▸ **Records provided**:
########
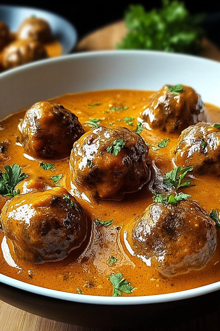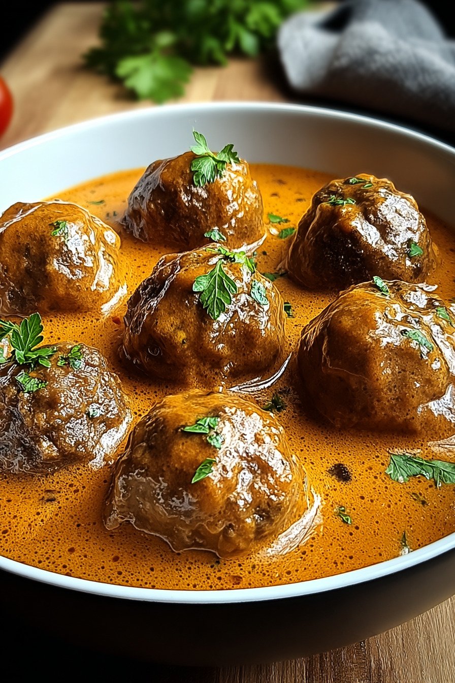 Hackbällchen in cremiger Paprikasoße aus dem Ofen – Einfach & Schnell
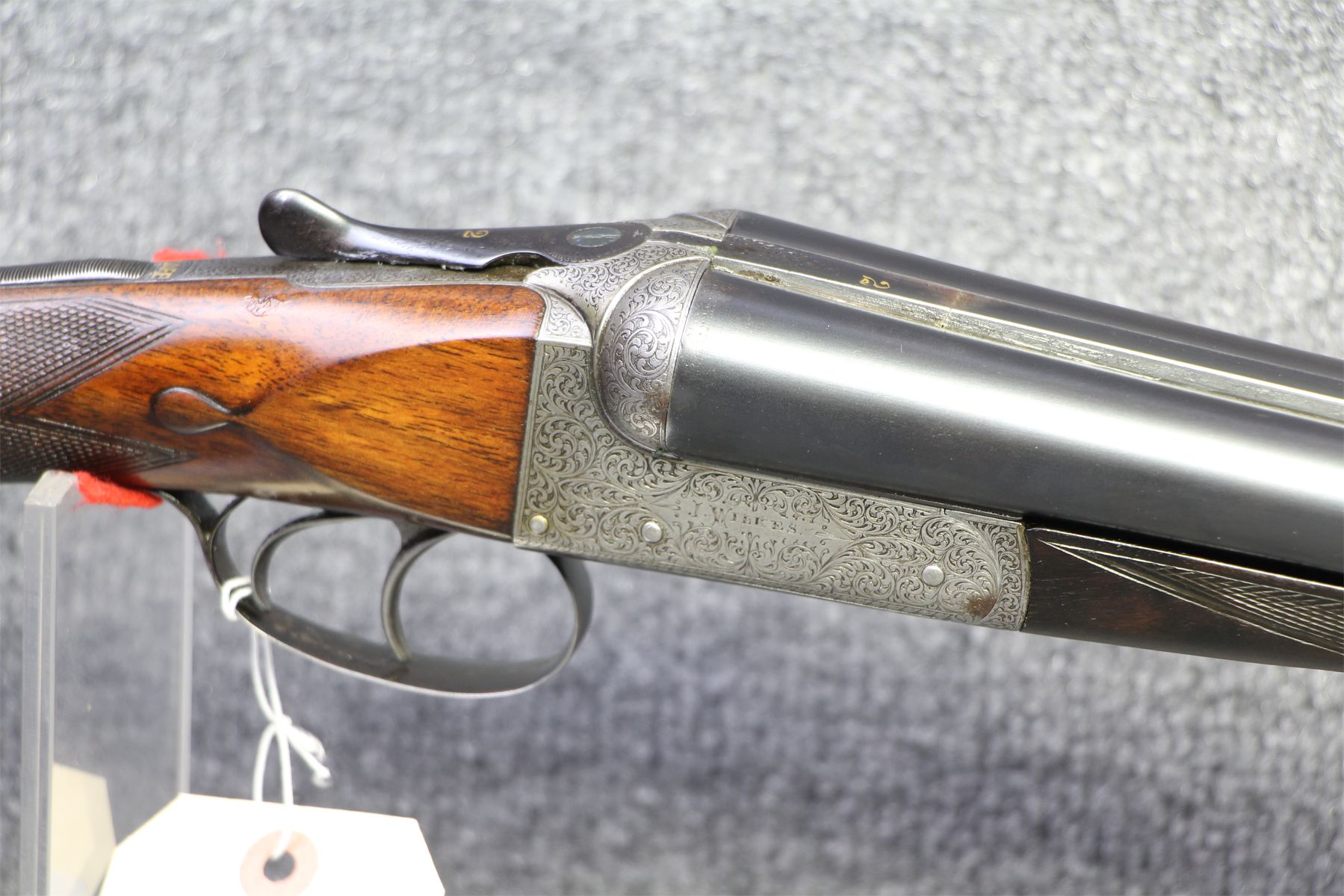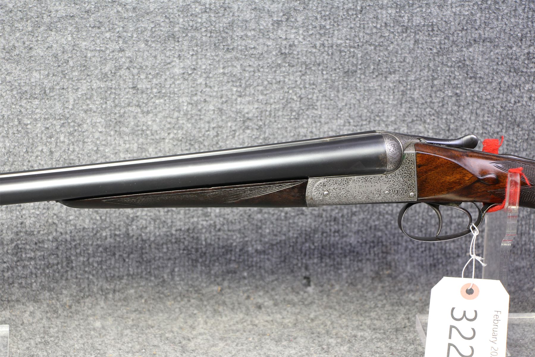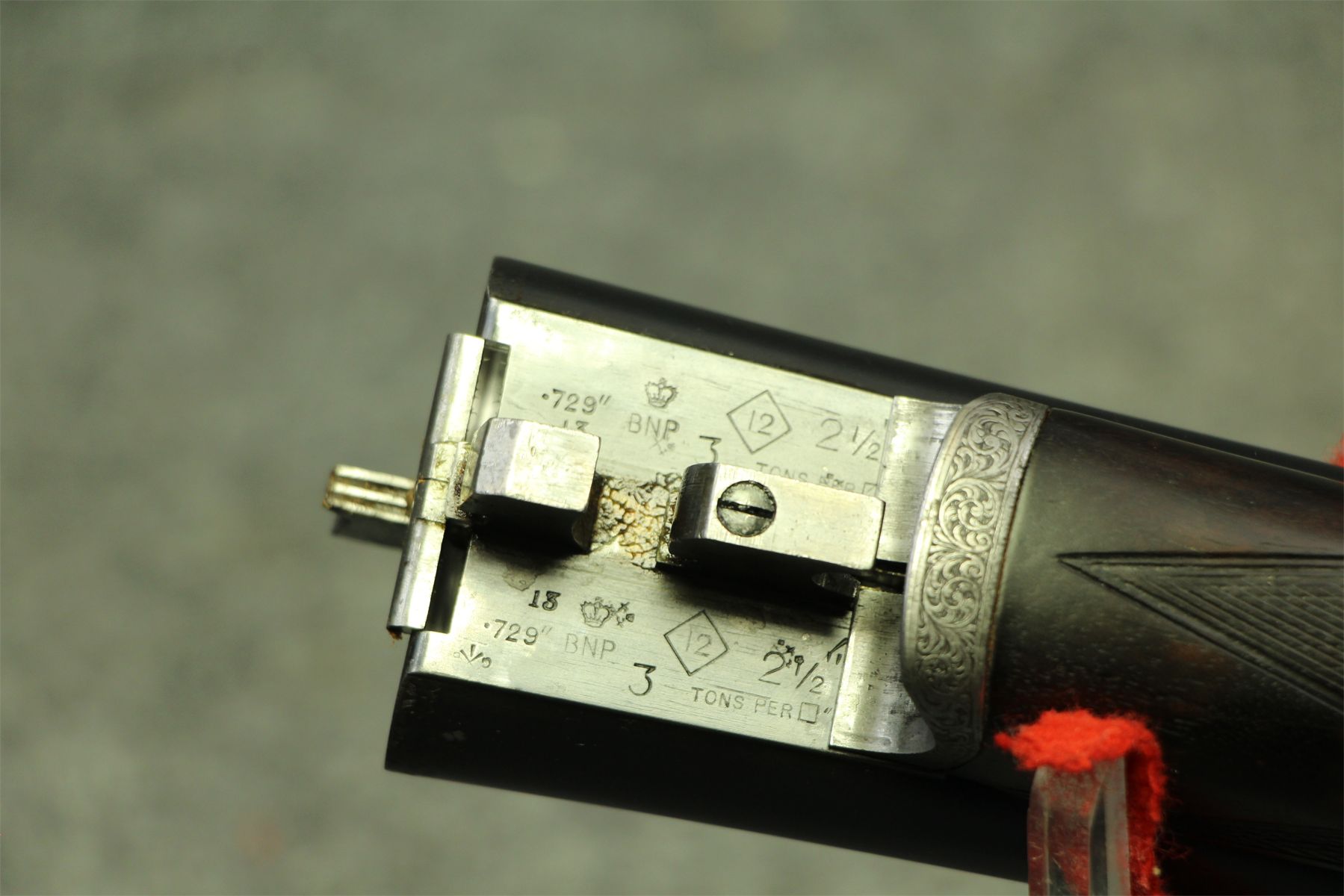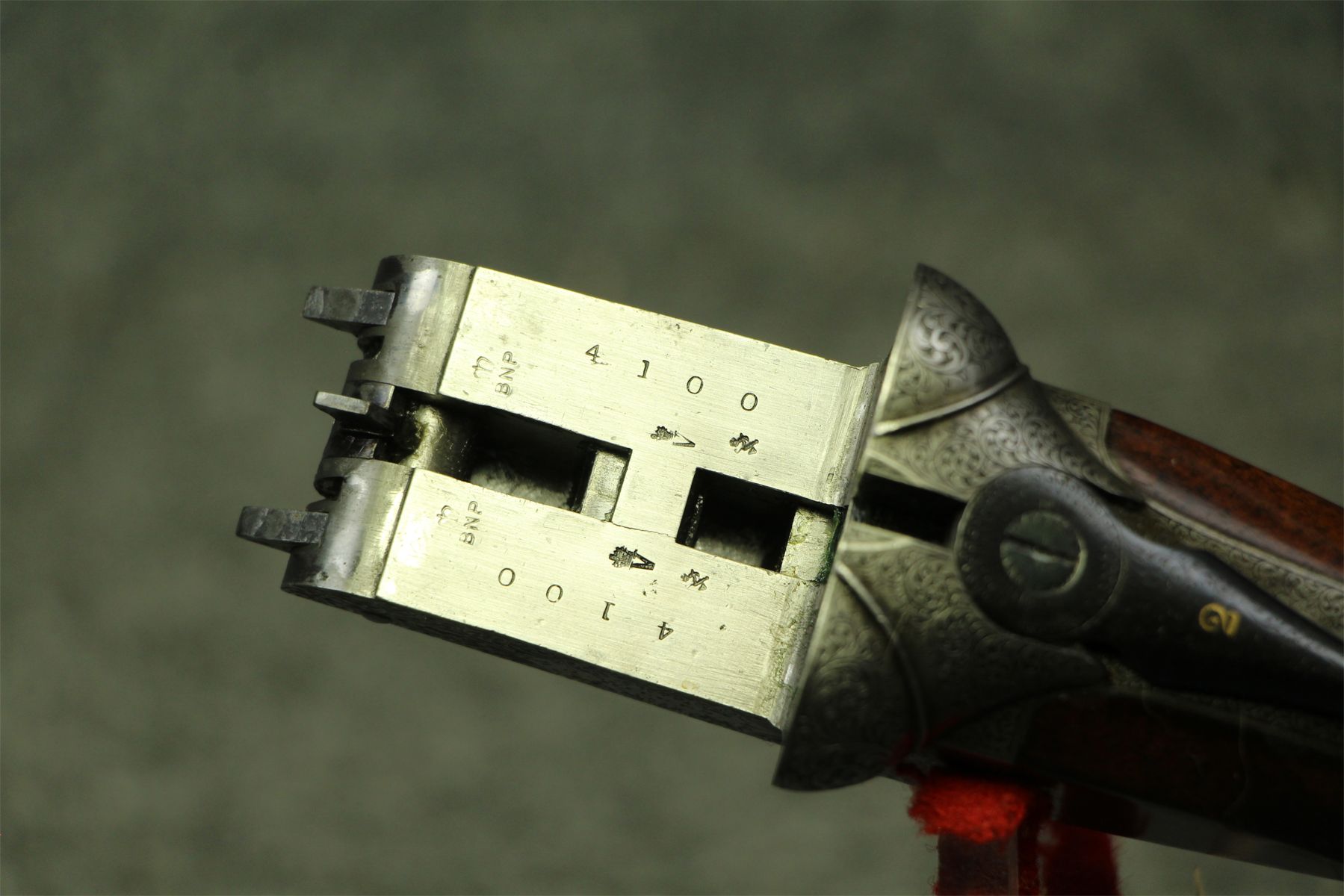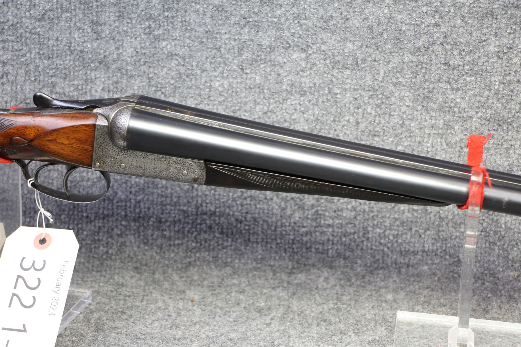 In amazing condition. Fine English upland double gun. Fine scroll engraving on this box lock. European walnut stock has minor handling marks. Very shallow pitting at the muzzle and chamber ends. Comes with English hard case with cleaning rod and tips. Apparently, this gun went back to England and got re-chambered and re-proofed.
########
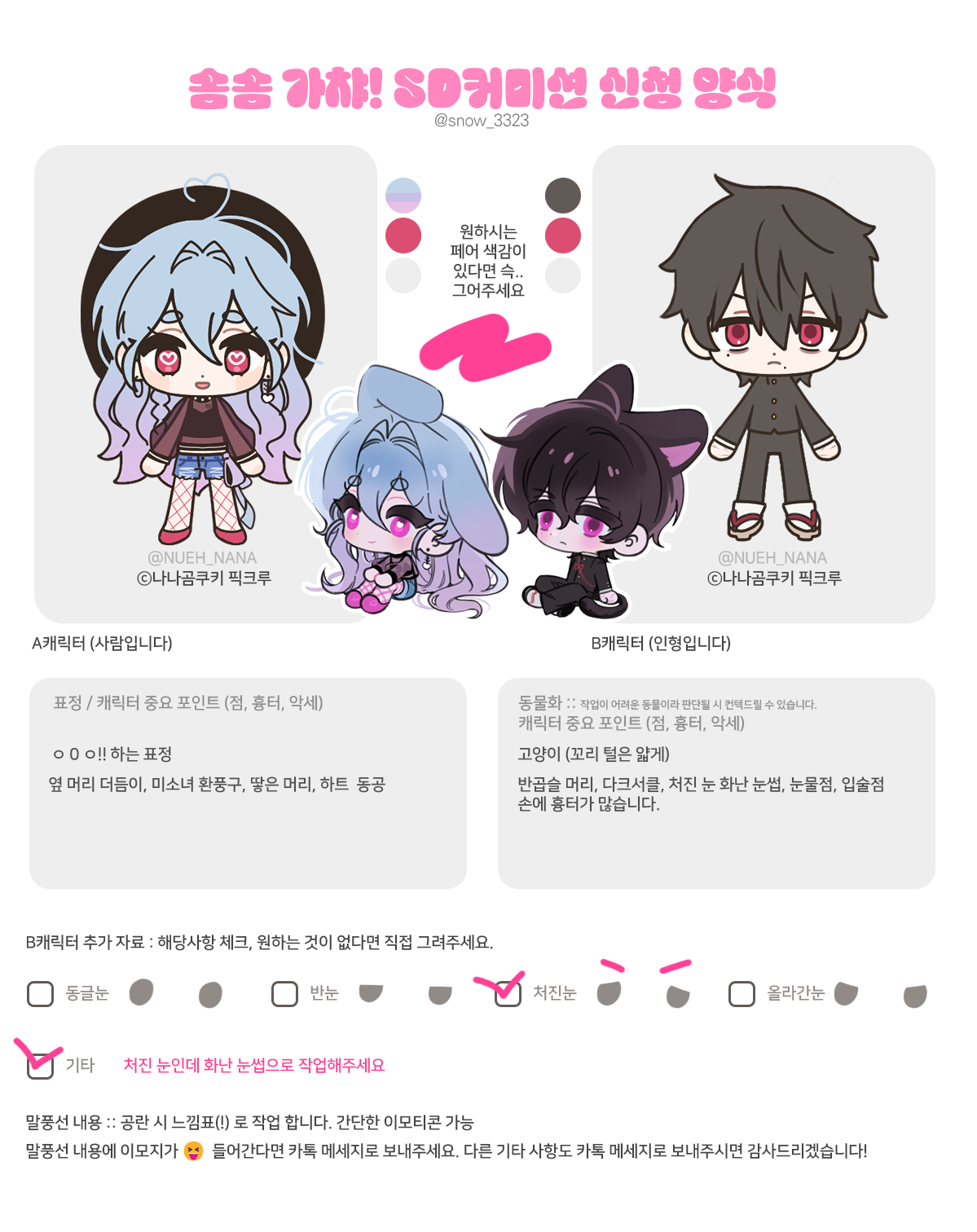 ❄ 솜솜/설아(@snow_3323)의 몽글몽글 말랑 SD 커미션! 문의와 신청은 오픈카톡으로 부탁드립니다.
########
Transcribe the listing above exactly, but only from the line with "Hackbällchen in cremiger" through the line with "In amazing condition.". Include both of those lines and omit the pictures.

▸ **Exercise answer**:
 Hackbällchen in cremiger Paprikasoße aus dem Ofen – Einfach & Schnell
 In amazing condition. Fine English upland double gun. Fine scroll engraving on this box lock. European walnut stock has minor handling marks. Very shallow pitting at the muzzle and chamber ends. Comes with English hard case with cleaning rod and tips. Apparently, this gun went back to England and got re-chambered and re-proofed.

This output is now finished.